# Ungrounded 240 service ID help.



## micromind (Aug 11, 2007)

If there's no ground bond, voltages to ground will be random, as noted in the tests. 

I've seen a few ungrounded systems but not very many. Usually they're a transformer that supplies a single load. But not a whole ungrounded service.......


----------



## frenchelectrican (Mar 15, 2007)

I have see it from time to time over here but not super widespread on that.

but yes the voltage reading from line to ground will be wonky due it is ungrounded.

I know it been done for some feeders but not useally for whole service which the POCO is not too keen on that.

It should have a warning sign on ungrounded system so ya can be prepared for that system. 

Did you check the GEC conductors to make sure it is bonded properly ? and was the POCO is aware of ungrounded system in your location ?? 

Is the service is overhead or underground ?


----------



## RePhase277 (Feb 5, 2008)

Try connecting an incandescent lamp from phase to ground. If the system is unbonded, the lamp shouldn't light and the voltage on the other phases and ground will rise to 240 (reading through the unlit lamp).


----------



## frenchelectrican (Mar 15, 2007)

RePhase277 said:


> Try connecting an incandescent lamp from phase to ground. If the system is unbonded, the lamp shouldn't light and the voltage on the other phases and ground will rise to 240 (reading through the unlit lamp).


Thanks for reminding me on that trick .,, 

I dont know what type of meter the OP been using to verify the system voltage. but if used the high impedance meter that can throw the reading off the rocker.


----------



## jtd757 (Jan 18, 2018)

We are debating on calling them up and trying to get a new drop, I don't think they know. It is a underground service so all we can see are the cables coming in.

Debating to ask for a new 208 wye if they are going to come out anyway, we are going to throw the main next week when we can and take the case apart to see if there is a GEC or a bad main bonding jumper for a corner ground delta. It is a bit of a rats nest used to be a old meat packing plant with ammonia refrigeration so we were thinking it might have been a no kill for the pumps? No idea really.

Was just wondering if this could be intentional and something to read up on.

Thanks for the tips and will try the Lamp trick to double check.


----------



## RePhase277 (Feb 5, 2008)

No reason it can't be made into a corner grounded system and then a transformer used to get the other standard voltages you need. Depending on the budget, I wouldn't count this route out. In fact, all single and 3-phase 240 loads could be powered from the corner grounded side, and a small single phase transformer could be used for 120 V power...


----------



## varmit (Apr 19, 2009)

Ungrounded three phase services were very common years ago. There are some at plants where I do work that are still in use.

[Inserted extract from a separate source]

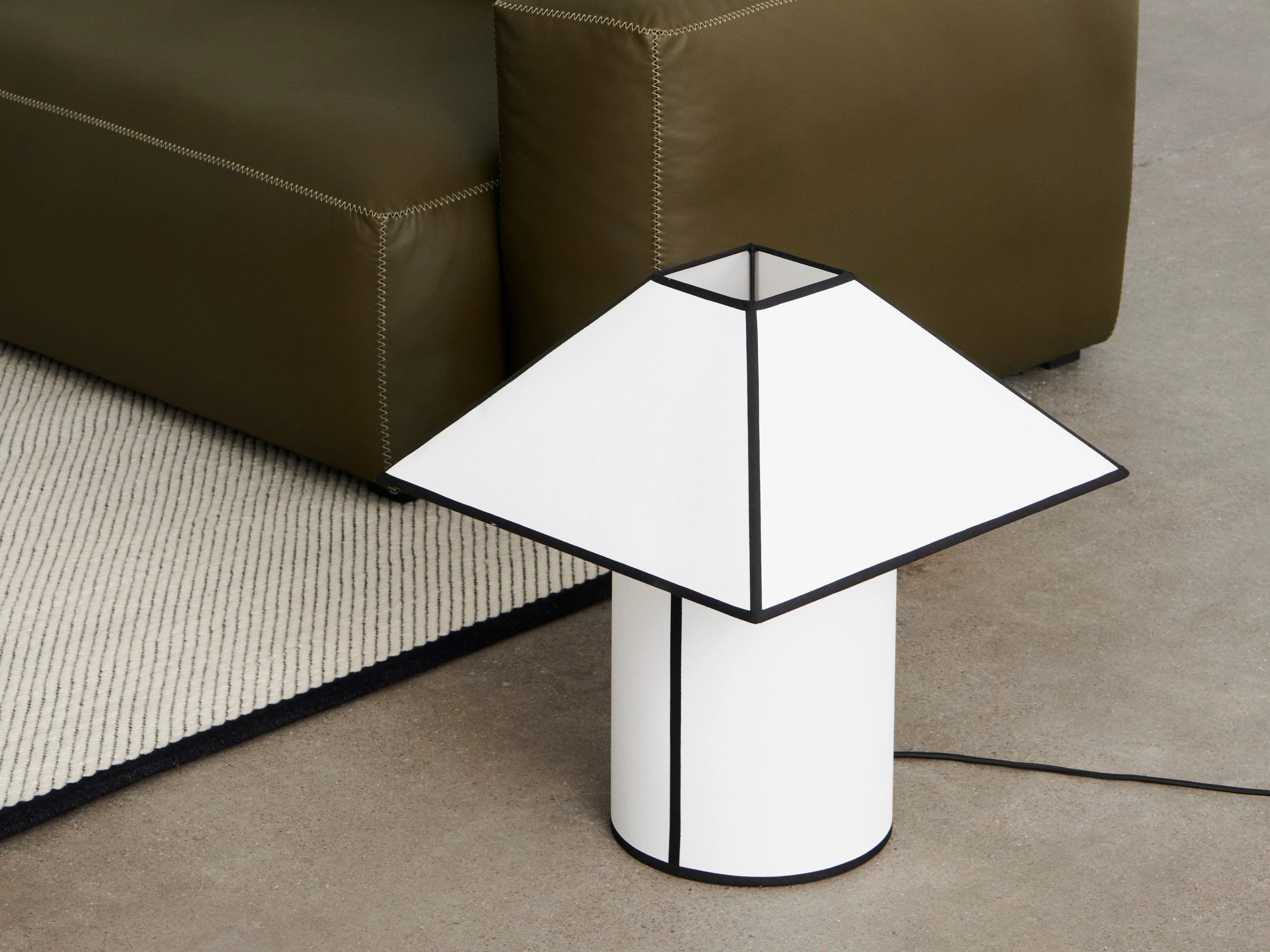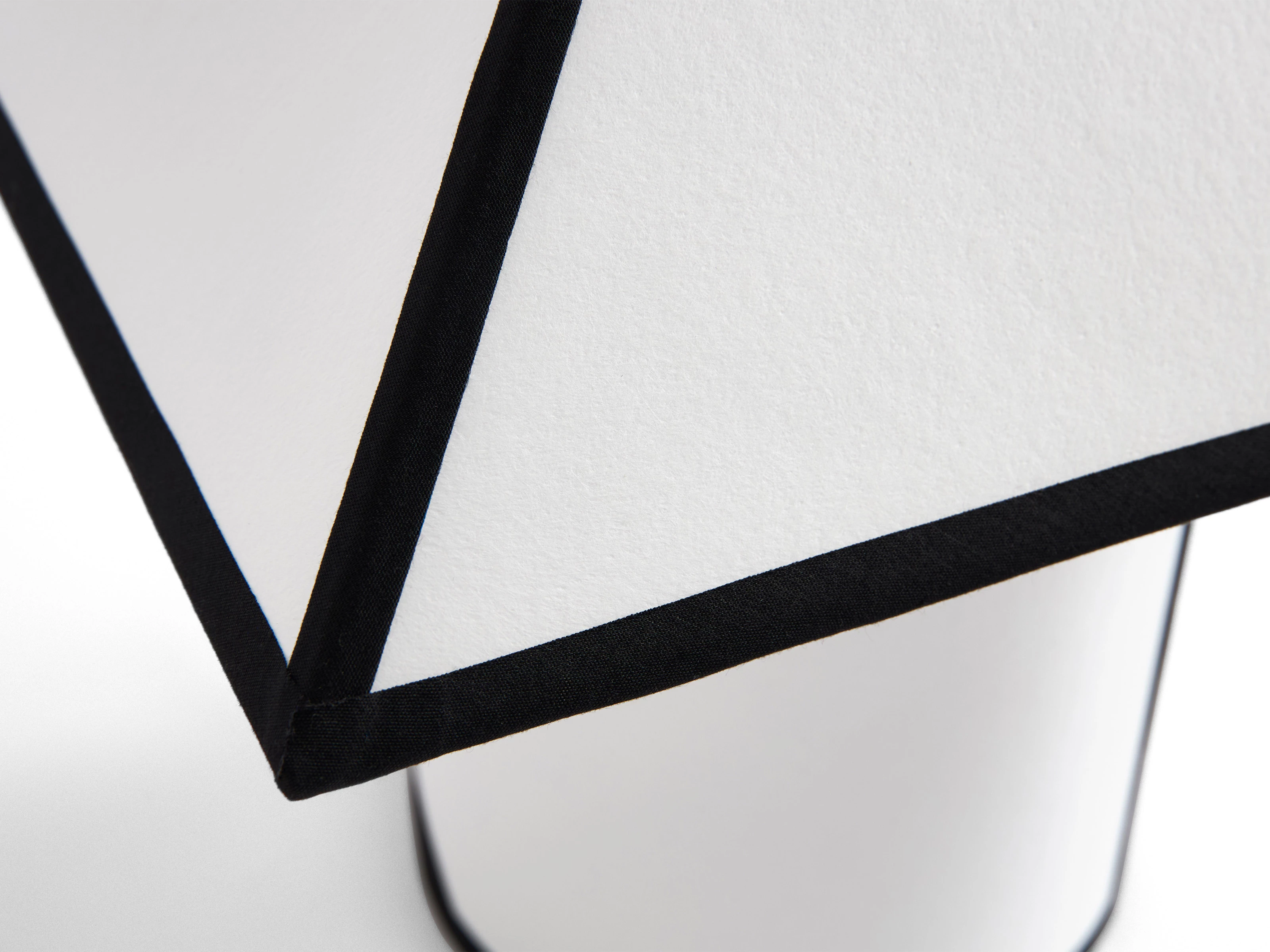 Born from a spontaneous moment of creativity from Kraš after moving to a new Parisienne apartment in 2021, the Ava Pyramid Table Lamp captures the charm of improvisation and sustainability. Crafted from ECOPET™, made from recycled PET plastic, the lamp’s tactile, paper-like quality strikes a contrast with the bold, graphic black trim that outlines its distinctive silhouette.
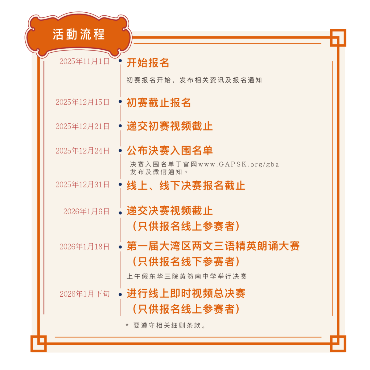 - 比赛类别:普通话、英文、粤语 (可同时参赛多项)

I would NOT advise corner grounding a 1000 amp service. If there is a fault on another phase, you have a phase to phase short that can have enough fault current to do some serious damage. In most old buildings the bonding is not very effective to provide a good return path for over current tripping of fuses or breakers, so a short can fry for a while and do some damage.

I would install a fault monitor or a high resistance grounding system. I prefer not corner grounding on systems over 200 amp rated.


----------